Dataset items
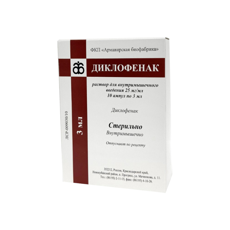 Диклофенак 25 мг/мл раствор для внутримышечного введения 3 мл 10 шт Армавирская биологическая фабрика
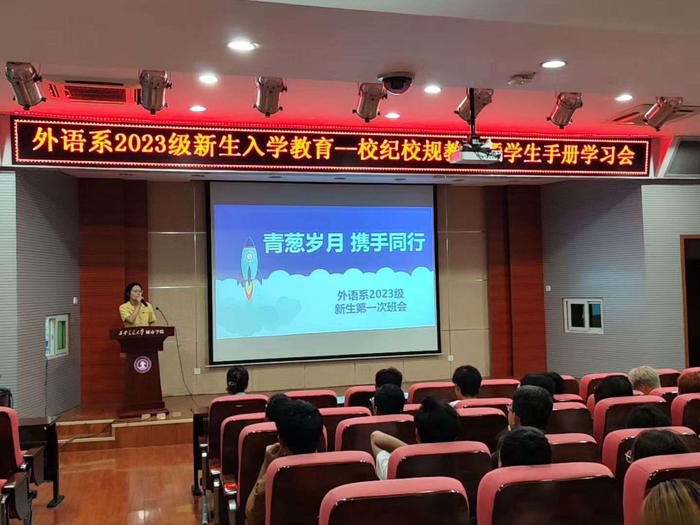 9月6日下午,外语系在F100召开校纪校规教育暨学生手册学习会。新生辅导员韩蓉从常见的学生疑问着手,就学生违纪处理办法、请假考勤制度、课内外学分认定要求等进行详细地解答,帮助新生更好地适应大学生活。韩老师希望刚刚入学的莘莘学子充分认识到拥有自己独特的一面是一件值得骄傲的事,学会悦纳自我;大学与高中不同,评价的尺子不再只有一把,要勇敢诚信,学会独立勇敢;学习过程中要学会“自讨苦吃”;更要自己、爱他人,也要能感受到被爱,具有爱与被爱的能力。
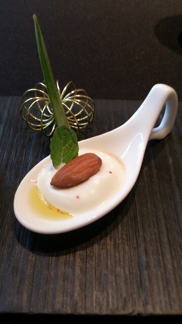 スプーンには、フロマージュブランのムースにアーモンド、ミント
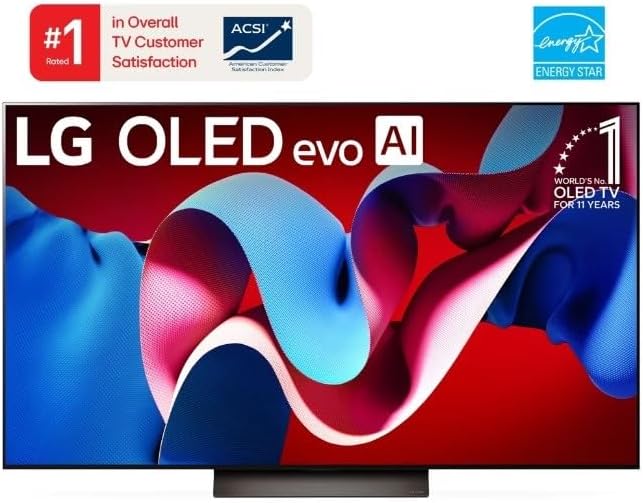 The advanced LG OLED evo C4-Series is better than ever. The LG OLED evo C4 is powered by the next-gen α9 Gen7 AI Processor —exclusively made for LG OLED—for ultra-realistic picture and sound along with boosted brightness for luminosity and high contrast, even in well-lit rooms. AI-assisted deep learning analyzes what you’re watching to choose the best picture and sound setting for your content. The C4’s almost invisible bezel, ensures it blends with your surroundings. When you’re finished watching, display art, photos and other content make the C4 a versatile statement piece. Search less and stream more, thanks to the next generation of AI technology from LG webOS 24. Every LG OLED comes loaded with Dolby Vision for extraordinary color, contrast and brightness, plus Dolby Atmos for sound you can feel all around you. And FILMMAKER MODE allows you to see films just as the director intended.
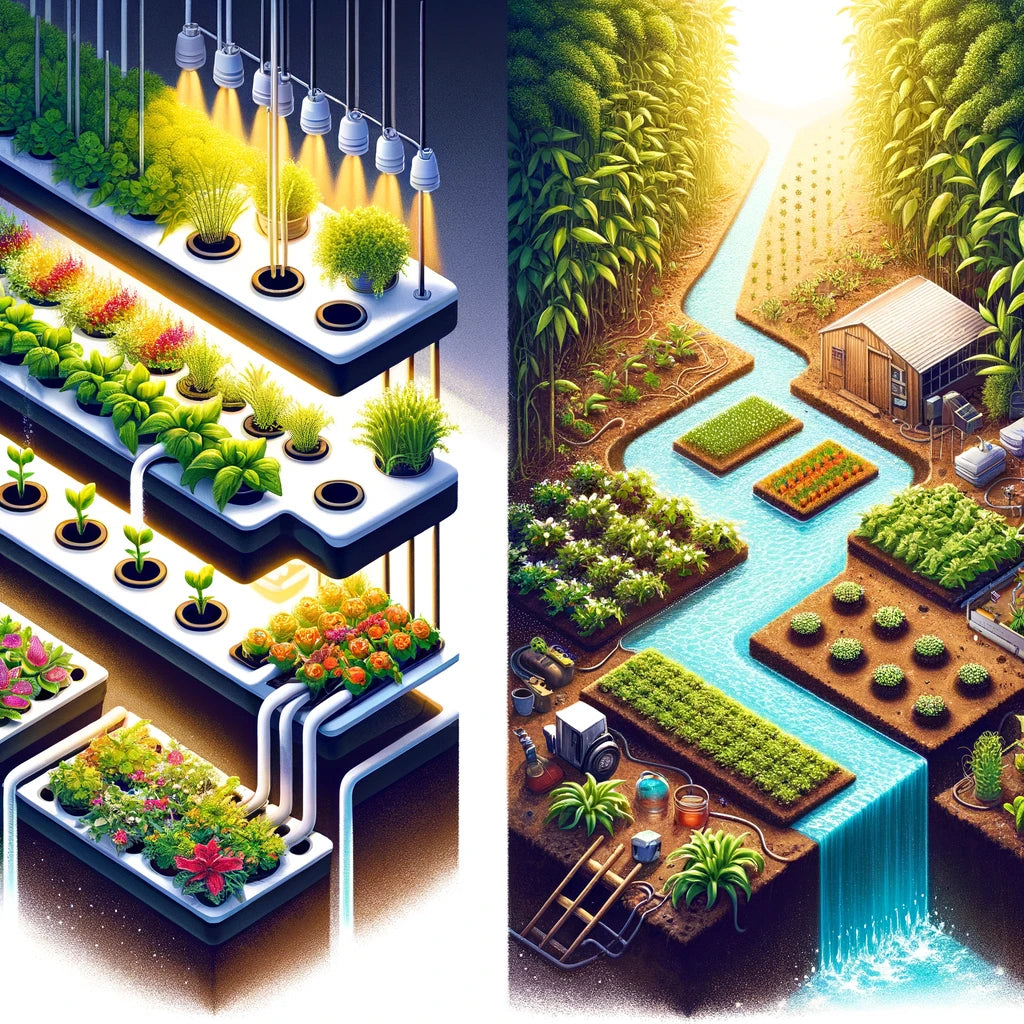 Hydroponics allows for greater control over nutrient balance, resulting in efficient nutrient use and faster plant growth. Traditional soil gardening can be affected by variable soil quality and environmental conditions, and typically requires more space and labor, including tilling, weeding, and pest management. These challenges are eliminated in hydroponic setups, highlighting its efficiency and cleanliness.

* PROBLEM DETAILS
The line containing "スプーンには、フロマージュブランのムースにアーモンド、ミント" marks where the copy ends; print every line before it from the start of the records, and that line too, but no pictures.

* TASK ANSWER
 Диклофенак 25 мг/мл раствор для внутримышечного введения 3 мл 10 шт Армавирская биологическая фабрика
 9月6日下午,外语系在F100召开校纪校规教育暨学生手册学习会。新生辅导员韩蓉从常见的学生疑问着手,就学生违纪处理办法、请假考勤制度、课内外学分认定要求等进行详细地解答,帮助新生更好地适应大学生活。韩老师希望刚刚入学的莘莘学子充分认识到拥有自己独特的一面是一件值得骄傲的事,学会悦纳自我;大学与高中不同,评价的尺子不再只有一把,要勇敢诚信,学会独立勇敢;学习过程中要学会“自讨苦吃”;更要自己、爱他人,也要能感受到被爱,具有爱与被爱的能力。
 スプーンには、フロマージュブランのムースにアーモンド、ミント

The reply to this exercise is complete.